Sunday, May 18, 2014

Rust for C++ programmers - part 6: Rc, Gc, and * pointers

So far we've covered unique and borrowed pointers. Unique pointers are very similar to the new std::unique_ptr in C++ and borrowed references are the 'default' pointer you usually reach for if you would use a pointer or reference in C++. Rust has a few more, rarer pointers either in the libraries or built in to the language. These are mostly similar to various kinds of smart pointers you might be used to in C++.

This post took a while to write and I still don't like it. There are a lot of loose ends here, both in my write up and in Rust itself. I hope some will get better with later posts and some will get better as the language develops. If you are learning Rust, you might even want to skip this stuff for now, hopefully you won't need it. Its really here just for completeness after the posts on other pointer types.

It might feel like Rust has a lot of pointer types, but it is pretty similar to C++ once you think about the various kinds of smart pointers available in libraries. In Rust, however, you are more likely to meet them when you first start learning the language. Because Rust pointers have compiler support, you are also much less likely to make errors when using them.

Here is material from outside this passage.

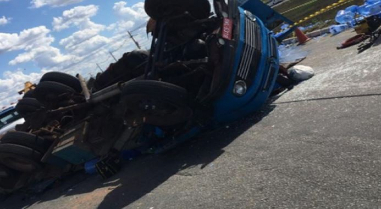 De acordo com a Polícia Rodoviária Federal (PRF), um caminhão que transportava galões de água mineral capotou na Alça Sudoeste, no sentido de quem se dirige a cidade de Queimadas.

I'm not going to cover these in as much detail as unique and borrowed references because, frankly, they are not as important. I might come back to them in more detail later on.

Rc<T>

Reference counted pointers come as part of the rust standard library. They are in the `std::rc` module (we'll cover modules soon-ish. The modules are the reason for the `use` incantations in the examples). A reference counted pointer to an object of type `T` has type `Rc<T>`. You create reference counted pointers using a static method (which for now you can think of like C++'s, but we'll see later they are a bit different) - `Rc::new(...)` which takes a value to create the pointer to. This constructor method follows Rust's usual move/copy semantics (like we discussed for unique pointers) - in either case, after calling Rc::new, you will only be able to access the value via the pointer.

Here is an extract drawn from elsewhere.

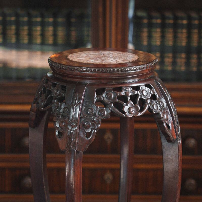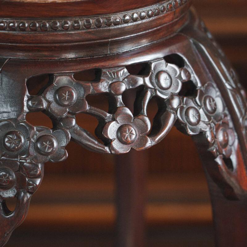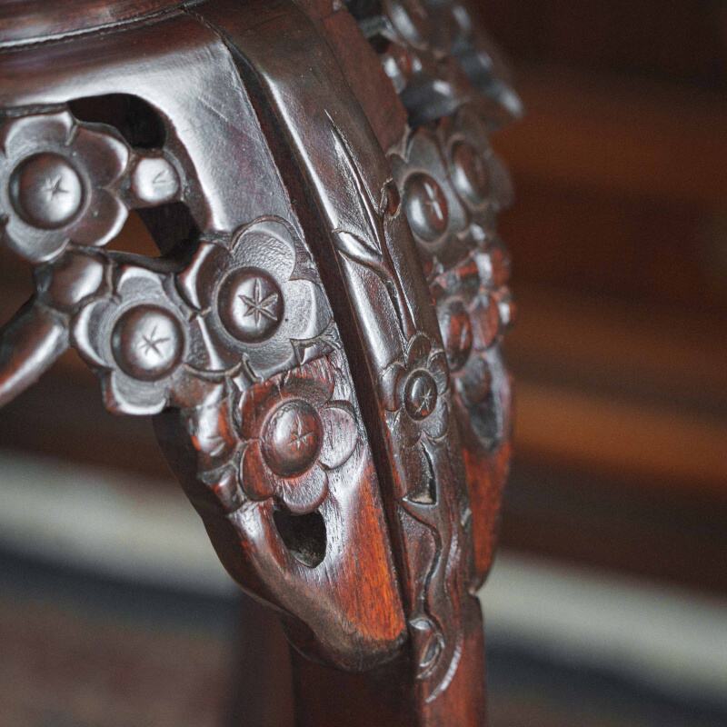 В китайской традиции цветы сливы символизируют долголетие, надежду и стойкость духа. Резьба выполнена очень тонко, ветви плавно переходят в основания ножек, создавая неразрывную визуальную связь.

As with the other pointer types, the `.` operator does all the dereferencing you need it to. You can use `*` to manually dereference.

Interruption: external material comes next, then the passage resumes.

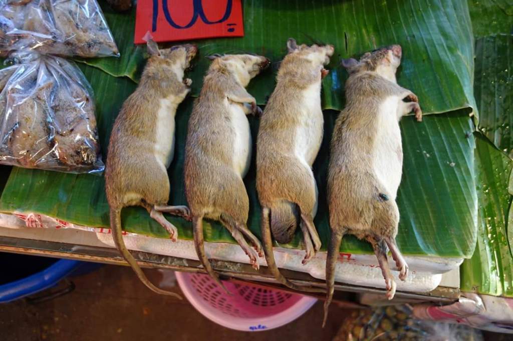 同じ市場でネズミが売られていた。体はぷよぷよして、やわらかかった。1匹100バーツ
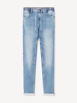 Předefinuj svůj styl s elegancí! Tyto úzké džíny v modré barvě s jemným vybledlým efektem nesmí chybět v žádném pánském šatníku. Díky strečové bavlně ti zaručí volnost pohybu, zatímco elastický pas se přizpůsobí tvým potřebám pro maximální pohodlí, a to v každém ročním období.

To pass a ref-counted pointer you need to use the `clone` method. This kinda sucks, and hopefully we'll fix that, but that is not for sure (sadly). You can take a (borrowed) reference to the pointed at value, so hopefully you don't need to clone too often. Rust's type system ensures that the ref-counted variable will not be deleted before any references expire. Taking a reference has the added advantage that it doesn't need to increment or decrement the ref count, and so will give better performance (although, that difference is probably marginal since Rc objects are limited to a single thread and so the ref count operations don't have to be atomic). As in C++, you can also take a reference to the Gc pointer.

An Rc example:
use std::rc::Rc;

fn bar(x: Rc<int>) { }
fn baz(x: &int) { }

fn foo() {
    let x = Rc::new(45);
    bar(x.clone());   // Increments the ref-count
    baz(&*x);         // Does not increment
    println!("{}", 100 - *x);
}  // Once this scope closes, all Rc pointers are gone, so ref-count == 0
   // and the memory will be deleted.
Ref counted pointers are always immutable. If you want a mutable ref-counted object you need to use a RefCell (or Cell) wrapped in an `Rc`.

Cell and RefCell

Cell and RefCell are structs which allow you to 'cheat' the mutability rules. This is kind of hard to explain without first covering Rust data structures and how they work with mutability, so I'm going to come back to these slightly tricky objects later. For now, you should know that if you want a mutable, ref counted object you need a Cell or RefCell wrapped in an Rc. As a first approximation, you probably want Cell for primitive data and RefCell for objects with move semantics. So, for a mutable, ref-counted int you would use `Rc<Cell<int>>`.

Gc

Garbage collected pointers are written using `Gc<T>` and are created and used much like ref-counted pointers. The difference is that Gc pointers do not automatically turn into references, you need to explicitly call `borrow()`. That is (afaik) not by design and should get fixed. You also don't need to use `clone()` to copy Gc pointers like you do with Rc pointers, again, I hope this inconsistency gets addressed (in theory, this is because copying an Rc pointer does some work incrementing the ref count, whereas a Gc copy is just a copy). Currently Gc is a prototype implementation and is actually implemented using reference counting (so if you have cycles, you are screwed). You should probably just use Rc pointers for now (indeed, the Gc module is marked as experimental which means we expect it to change considerably in the near future and may even be removed).

Gc example:
use std::gc::Gc;

fn bar(x: Gc<int>) { }
fn baz(x: &int) { }

fn foo() {
    let x = Gc::new(45);
    bar(x);
    baz(x.borrow());
    println!("{}", 100 - *x.borrow());
}

 *T - unsafe pointers

Finally Rust has unsafe pointers. These are denoted `*T` and are created using `&` (you might need to specify a type to get a `*T` rather than a `&T` since the `&` operator can create either a borrowed reference or an unsafe pointer). These are like C pointers, just a pointer to memory with no restrictions on how they are used (you can't do pointer arithmetic without casting, but you can do it that way if you must). Unsafe pointers are the only pointer type in Rust which can be null. There is no automatic dereferencing of unsafe pointers (so to call a method you have to write `(*x).foo()`) and no automatic referencing. The most important restriction is that they can't be dereferenced (and thus can't be used) outside of an unsafe block. In regular Rust code you can only pass them around.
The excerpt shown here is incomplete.